One Savings Bank rises on the back of an improving outlook for buy-to-let
OSB keeps up the growth


  • A £2.5bn increase in new loan business
  • Return-on-equity more than doubled to 19 per cent

A much-improved economic outlook laid the foundations for a memorable half for OSB Group (OSB) as the buy-to-let focused lender benefited from a combination of an in-flow of loan impairment reserves, a reduction in costs and a £2.5bn increase in new loan business, to end the half with a net loan book of £20.4bn. Investors were also cheered by the resumption of dividend payments after a pandemic-induced pause.

It is not hard to see why bigger lenders look with envy at OSB’s performance. With a focus on property hotspots in the Southeast of England, the lender has until now benefited from the buy-to-let boom in the area, along with having a very lean cost base. For instance, the cost-to-income ratio in these results - a key measure of banking performance - was just 28 per cent, down from 31 per cent last time.

As an illustration of the difference, a big high street bank would typically struggle to get its cost ratio below 70 per cent. In the end, the result was that return-on-equity more than doubled to 19 per cent. A further measure of stability is that the two loan books owned by the combined company (OSB and CCFS) showed arrears of only 1.3 per cent and 0.5 per cent, respectively.

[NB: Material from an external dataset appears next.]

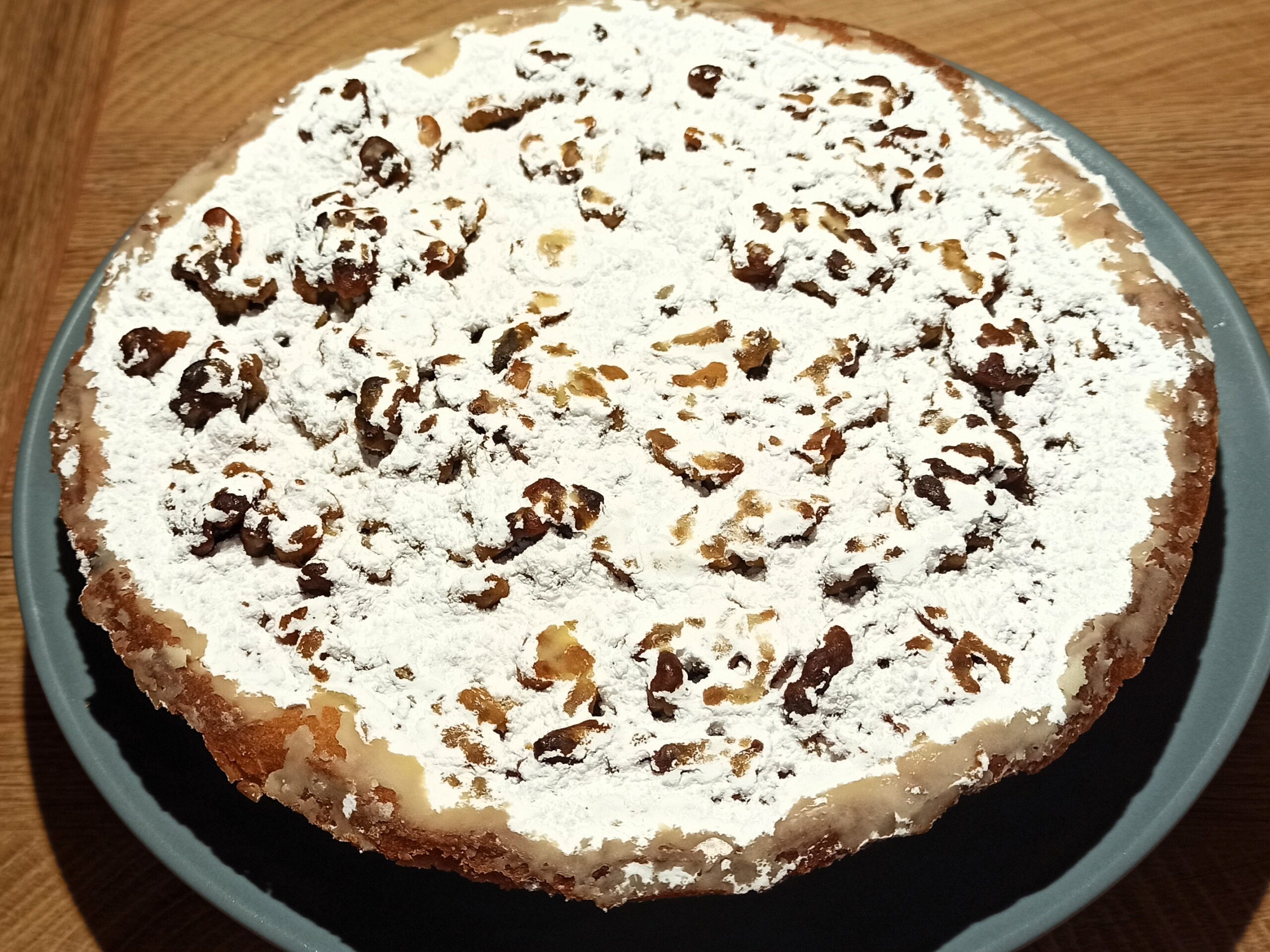 Trascorso il tempo di riposo, con l’aiuto di un mattarello, fate una sfoglia, di circa mezzo centimetro di spessore e foderate una teglia rotonda di 24 cm di diametro. In un pentolino, mettete lo zucchero ed il miele, portate ad ebollizione a fiamma bassa. Aggiungete le noci, tritate grossolanamente, mescolate, e versate il composto sulla pasta frolla, livellatelo con l’aiuto di una spatola. Infornate in forno preriscaldato a 170° per circa venti minuti, sfornate, lasciate raffreddare, prima di servire cospargete la superfice con lo zucchero a velo.

It cannot be a coincidence that Lloyds (LLOY) is looking seriously at financing its own expansion into the buy-to-let market, with reports that it wishes to become its own large private landlord. It may do better to look at OSB’s model for success, achieved with traditional lending methods. Trading at a forward PE of 7 for 2022, OSB looks a much better value niche than its bigger brethren. Hold.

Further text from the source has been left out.